In an LLM application most of the wall‑clock time is spent waiting – for the model, for data, for an MCP calls. In Python, you’re limited by Global Interpreter Lock (GIL), and you must manually start as many workers as available for your CPU to utilize your resources.

Consider this challenge – RAGAS isn’t thread safe. Though it uses asyncio under the hood, it may spin up multiple waiting threads and saturate your CPU even for a single trace. You might not notice it during running a demo for your stakeholders, but even small stress tests will blow up your system. A sensible workaround is to run it simply as an external microservice and call it asynchronously with a task queue. Therefore, your RAGAS service will consume as much traffic as it can handle at the same time, you’ll wait for your scores a little bit longer, but your users won’t wait for it with you.

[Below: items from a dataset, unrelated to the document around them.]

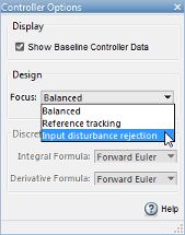 При сбалансированной направленности проекта по умолчанию PID-тюнер выбирает b значение от 0 до 1. Для этого завода, при изменении фокуса конструкции в пользу отклонения нарушений, наборы PID Tuner b = 0 и c = 0. Таким образом, PID-тюнер автоматически генерирует контроллер I-PD для оптимизации для отклонения возмущений. (Явное указание контроллера I-PD без задания проектного фокуса дает аналогичный контроллер.)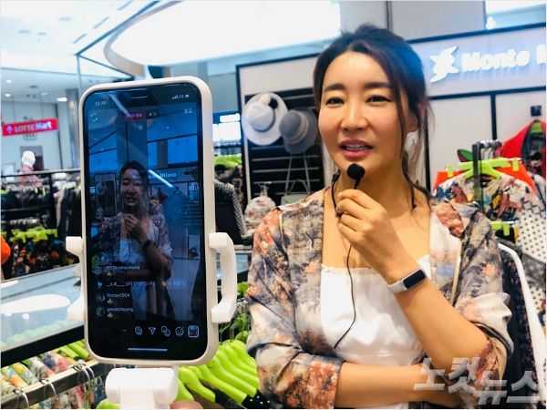 7일 롯데아울렛 수완점 한 매장에서 진행된 라이브 방송에서 의료 상품개발을 총괄하는 수석 디자이너가 방송에 직접 참여해 스타일을 제안하고 신상품을 선보이는 모습 (사진=롯데 아울렛 수완점 제공)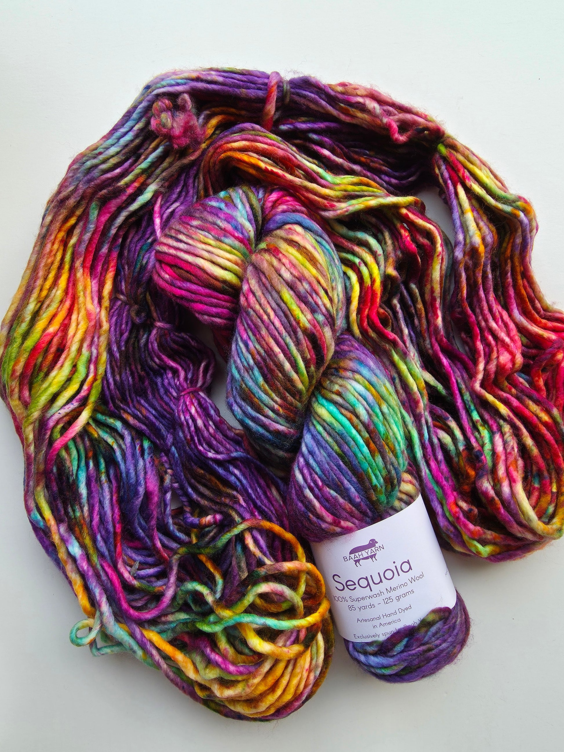 Baah Sequoia 100% superwash single ply merino wool. Each skein is 85 yards of hand-dyed squishy beauty, perfect for plump, quick knit or crochet projects.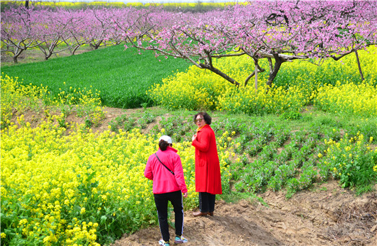 日前,游客在西華縣黃橋鄉(xiāng)裴莊村花開正盛的桃林里游玩。近年來,西華縣黃橋鄉(xiāng)因地制宜,大力發(fā)展“春賞桃花、秋賣果”農(nóng)旅經(jīng)濟,助推鄉(xiāng)村振興。①5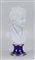 A biscuit bust of a young man on a blue porcelain base.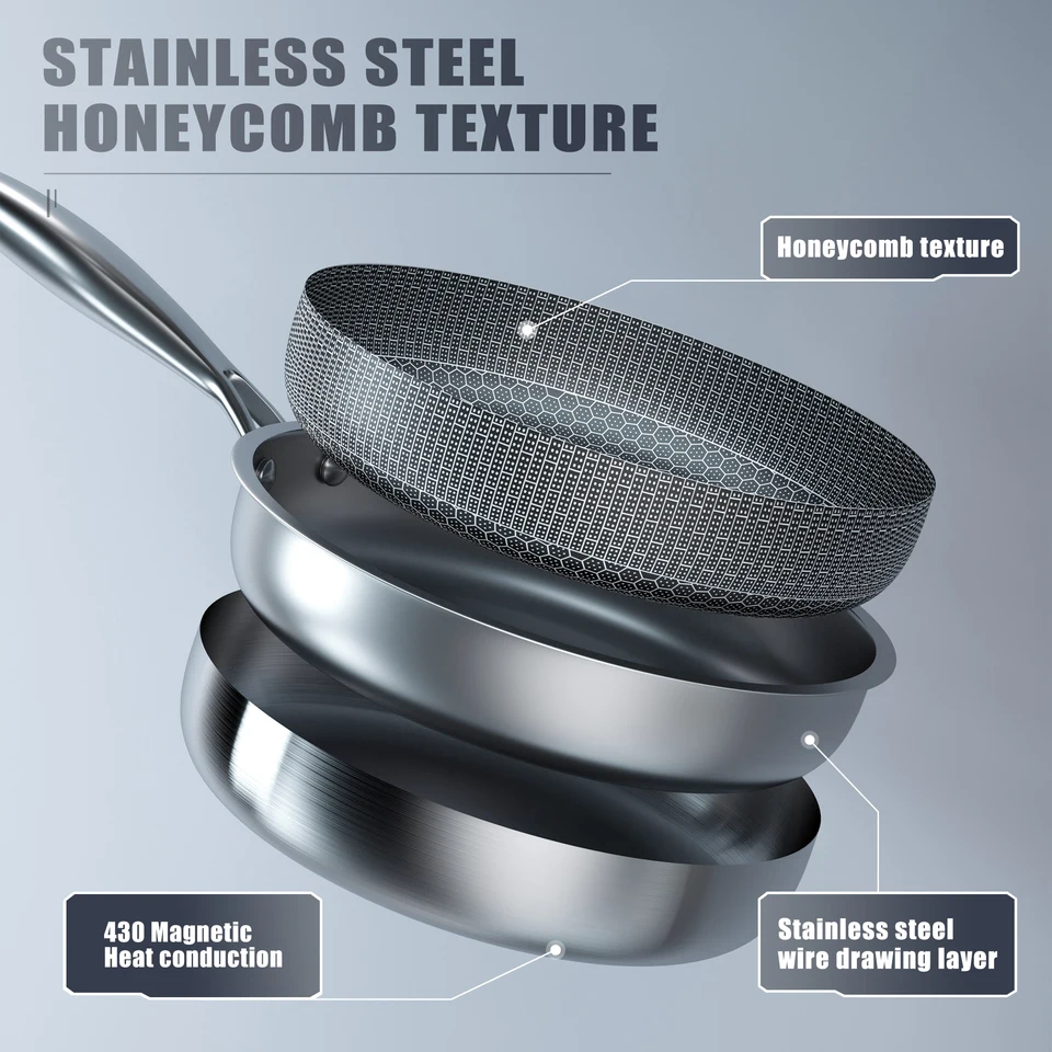 Poêle À Frire Anti-Adhésive En Cuivre Avec Poignées En Bois Contenu de l'emballage : 1 poêle à frire., Remarque : 1., La couleur réelle de l'article peut être légèrement différente de celle de la photo en raison de nombreux facteurs tels que la luminosité de votre écran et la luminosité., 2., Les mesures étant prises à la main, les tailles indiquées peuvent varier légèrement. Poêle à Frire Inox Avec Poignée Bois Navaris Poele Inox Induction - Poêle à Frire Hybride En Acier Inoxydable 22 Cm Avec Revêtement Anti-adhésif Poignée - Compatible Avec Les Plaques De Cuisson Poêle Facile à Nettoyer Sans Adhérence Matériaux : acier inoxydable, bois. Cette poêle non revêtue est idéale pour une utilisation professionnelle et compatible avec tous les types de plaques de cuisson, y compris l'induction et le gaz. La poignée est sécurisée, soudée par points et séparée thermiquement de la casserole pour une utilisation sûre et confortable Poêle à Frire SILENCE PRO - Poêle avec Revêtement Anti-adhésif, Manche... Capacité de chauffage rapide : conçue avec une couche inférieure réactive, cette poêle atteint rapidement les températures souhaitées, vous aidant à préparer vos repas plus rapidement et à économiser pendant les matins chargés ou les dîners rapides Répartition homogène de la chaleur : avec une base épaisse conçue pour une conduction thermique uniforme, cette poêle sans frire chauffe rapidement et maintient la cohérence pour éviter les points chauds et garantir une cuisson uniforme sans brûler Facile à nettoyer : la surface lisse résiste à l'accumulation de nourriture et simplifie le lavage à la main ou à l'éponge, réduisant les efforts de nettoyage et gardant la poêle comme neuve après une utilisation répétée Poignée ergonomique en bois : la poignée de la poêle est fabriquée en bois, conçue dans un esprit ergonomique pour fournir une prise en main confortable et une isolation contre la chaleur, sécurité et facilité pendant la cuisson. Poignée ergonomique en bois : la poignée en bois offre une prise en main confortable et une isolation thermique, ce qui la rend facile à manœuvrer pendant la cuisson ; sa connexion rivetée sécurisée soutient la stabilité lors de l'utilisation et ajoute un attrait de cuisine Caractéristiques : Utilisation polyvalente : cette poêle à frire en acier inoxydable est conçue pour plusieurs méthodes de cuisson, compatible avec diverses tables de cuisson, y compris l'induction, ce qui en fait un outil essentiel pour toute cuisine, que ce soit à la maison ou au restaurant.

Then there’s the asynchronous interface itself. Keeping a WebSocket open per chat session or per prompt can quickly exhaust your thread or port limits — particularly in a virtual container that shares network resources. Be aware that your scaling policy should not be based on CPU usage, which is usually quite low, but on the number of open connections in the load balancer.

Language Choice Revisited

You need Python for your libraries (like RAGAS), but you can split them into microservices and experiment with a JVM language like Java for the core app. Ports of libraries are often weaker than their Python originals (see LangChain versus LangChain4J), yet your system will scale far better under heavy I/O.

At the end it’s your choice to pick an easier implementation or a more robust application.

The Road Ahead

Have we eliminated all risks? Hardly. But you now have a solid foundation for building a production-grade assistant that scales. Next comes prompt engineering, data ingestion, tool selection, UI design, feedback collection, monitoring (beyond tracing) and more.

Building a chatbot prototype is easy. Building a production-ready AI assistant that can handle real users, scale reliably, and provide consistent value is an entirely different challenge. The gap between “it works on my machine” and “it serves thousands of users reliably” is filled with architectural decisions, performance optimizations, and operational considerations that are easy to overlook in the excitement of getting your first LLM call working.

Start with the prototype but plan for production from day one. Your users, your ops team and at the end your stakeholders – will thank you.

As AC/DC might put it: it’s a long way to the top if you want to… build an AI assistant.